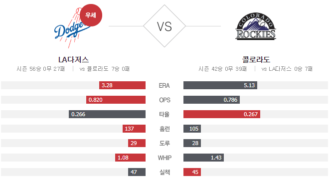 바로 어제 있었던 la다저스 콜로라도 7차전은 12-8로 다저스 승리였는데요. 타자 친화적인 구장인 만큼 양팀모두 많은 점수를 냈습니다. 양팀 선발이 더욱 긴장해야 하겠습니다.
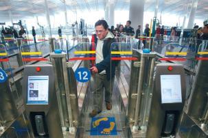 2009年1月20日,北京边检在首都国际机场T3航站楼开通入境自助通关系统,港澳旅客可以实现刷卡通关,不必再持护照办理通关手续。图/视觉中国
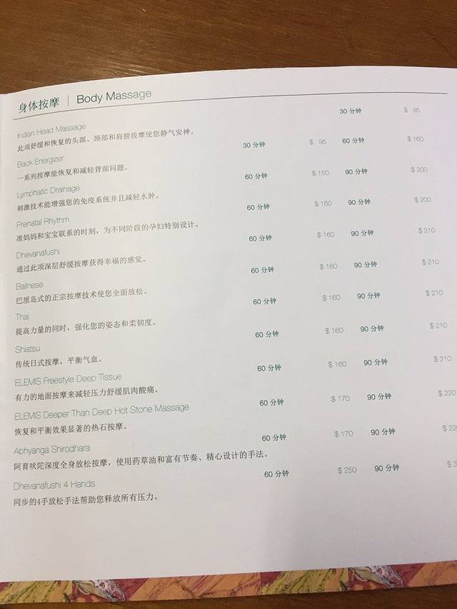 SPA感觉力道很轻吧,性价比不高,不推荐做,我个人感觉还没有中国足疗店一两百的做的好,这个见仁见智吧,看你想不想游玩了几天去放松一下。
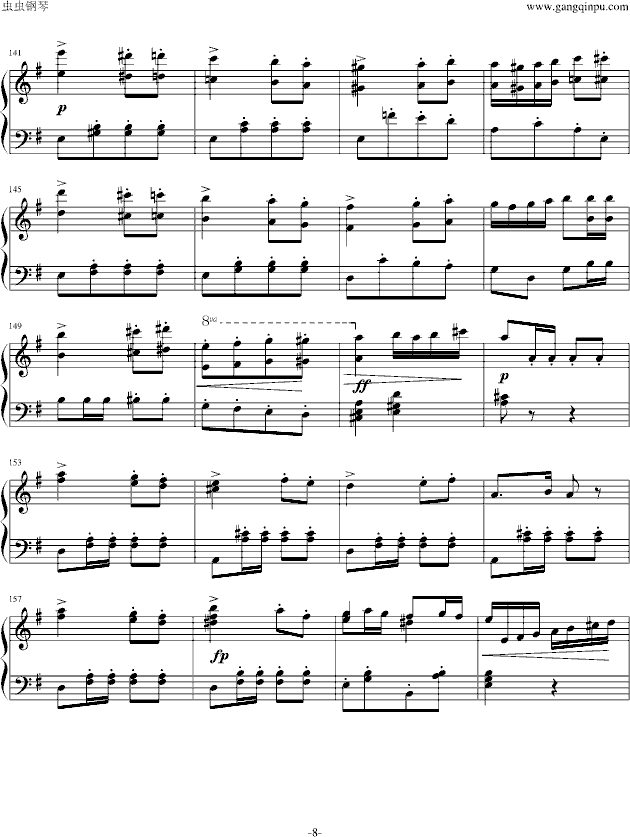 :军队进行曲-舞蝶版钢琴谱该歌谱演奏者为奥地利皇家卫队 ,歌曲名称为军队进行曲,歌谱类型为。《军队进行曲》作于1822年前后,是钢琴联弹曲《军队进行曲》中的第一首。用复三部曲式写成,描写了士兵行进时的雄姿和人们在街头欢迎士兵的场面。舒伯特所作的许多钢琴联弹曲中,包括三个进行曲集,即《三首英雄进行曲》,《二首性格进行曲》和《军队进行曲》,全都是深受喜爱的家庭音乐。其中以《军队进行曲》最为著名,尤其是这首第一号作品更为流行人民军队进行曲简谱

-------------------------

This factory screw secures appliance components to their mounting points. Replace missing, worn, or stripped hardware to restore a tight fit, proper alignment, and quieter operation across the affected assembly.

-------------------------

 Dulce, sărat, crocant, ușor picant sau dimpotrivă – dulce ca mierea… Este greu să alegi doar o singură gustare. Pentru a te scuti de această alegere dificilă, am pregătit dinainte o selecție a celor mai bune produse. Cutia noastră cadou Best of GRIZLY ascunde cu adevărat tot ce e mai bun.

-------------------------

A word-for-word reproduction is needed of the lines above from the line containing "2009年1月20日,北京边" through the line containing "SPA感觉力道很轻吧,性价比", with both ends kept and no pictures.

 2009年1月20日,北京边检在首都国际机场T3航站楼开通入境自助通关系统,港澳旅客可以实现刷卡通关,不必再持护照办理通关手续。图/视觉中国
 SPA感觉力道很轻吧,性价比不高,不推荐做,我个人感觉还没有中国足疗店一两百的做的好,这个见仁见智吧,看你想不想游玩了几天去放松一下。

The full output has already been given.